Are you kidding? The United States initially helped Saddam Hussein invade Iran, in a decade-long conflict that eventually claimed a million Iranian lives. The U.S. and other European powers even helped the Iraq use WMDs against Iran. And, get this: when Iraq attacked Iranian forces with chemical weapons, Iran did not retaliate in kind, despite possessing the technical capacity to do so. On top of all that, Saudi Arabian leaders claim they could acquire nuclear weapons in mere weeks. (regardless of the conditions under which they claim they would do so, the Saudi acknowledgement of their capability, is, itself, a nuclear threat -- on top of the threat already posed by other regional actors, who posses nuclear weapons.)

Now, you don't think *these* are plausible reasons for why Iran might want to develop a latent nuclear capability?
(note that "latent capability" is different from "fully functioning and deployed weapons.")

> History repeats itself.

Exactly, but not the way you describe. That repeating pattern is more like colonialism -- with its concomitant historical pattern of racism and white supremacy -- and not, as you claim, Antisemitism. Those tin-pot dictatorships that are (or were) all over the region? Saudi Arabia, Kuwait, Bahrain, Hosni Mubarek, etc...? They are *overwhelmingly* propped-up by European powers and/or the United States. Make no mistake: the Saudi regime is *brutal.* ( it can be argued that basic freedoms are far more curtailed in Saudi Arabia, than in Iran.) Heck, Saudi Arabia essentially operates a eugenics program, designed to breed more "Al-Saud" family members. Such policies are not in the interests of most Saudi citizens, and, in fact: they are robbing the people blind. But these policies are in the interests of the Al-Sauds, and their colonial benefactors.

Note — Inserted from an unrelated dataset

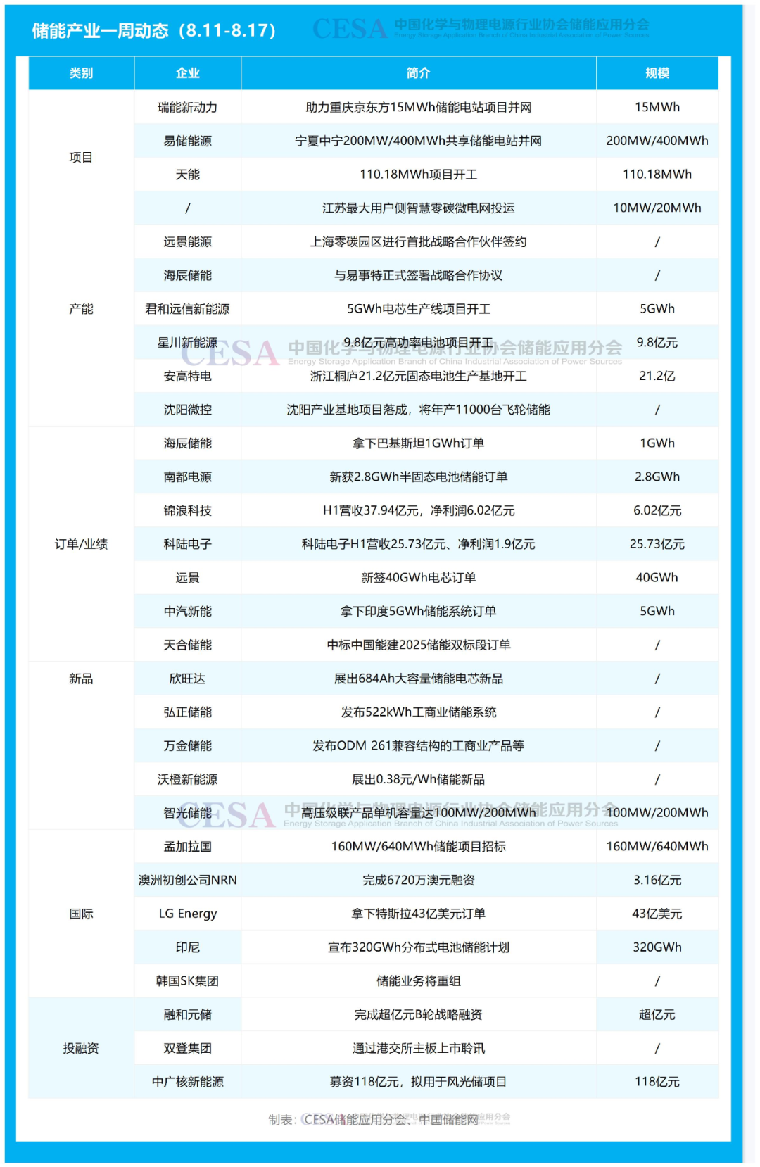 訂單/業(yè)績(jī)方面,海辰儲(chǔ)能拿下巴基斯坦1GWh訂單;中汽新能拿下印度5GWh儲(chǔ)能系統(tǒng)訂單;天合儲(chǔ)能中標(biāo)中國(guó)能建2025儲(chǔ)能雙標(biāo)段訂單;南都電源新獲2.8GWh半固態(tài)電池儲(chǔ)能訂單;遠(yuǎn)景新簽40GWh電芯訂單。

Also, the entire settler/colonist process in Israel, itself, is far more akin to classic, race-based colonialism, than it is akin to resistance to racism (which includes: resistance to Antisemitism). You can even ignore the treatment of Palestinians to make this case:

  1. 1.) Israel helped the Apartheid South African government acquire weapons of mass destruction, including nuclear weapons. Israel did this, despite the fact that the South African state was maintaining preparedness for a genocidal war of annihilation against Blacks, eg: they even went so far as to research the creation of bioweapons that would selectively-kill Blacks in the "race-war" that their leaders imagined could happen.
  2. 2.) Israel helped supply arms, training, and logistics to the Ladino/White Guatemalan regime, in the 1980s to 90's. It is widely acknowledged that this regime committed outright genocide against indigenous Mayans, during that county's civil war. Some estimates say that at least 200,000 Mayans were murdered or disappeared. Logistics included a computerized "passbook" system, that was used to limit the movements of Mayan Indians, in their own country. A similar system was supplied to South Africa, enabling the Apartheid regime to limit the movements of Blacks.

Now, before you claim "Israel (or other western powers) would never use nuclear weapons, first" -- consider the above two points: Israel has already helped other countries commit, or potentially commit, genocide. Not to mention: the United States, and many of the European powers active in the region, already have their *own* relatively recent history of mass-murder and genocide.

So, who should be trusted? Who will keep the peace? Iranian leaders -- regardless of how un-democratic they are -- have made the calculation that they cannot rely on the peaceful "good intentions" of these other countries. Problem is: based on historical fact, their calculations are probably correct.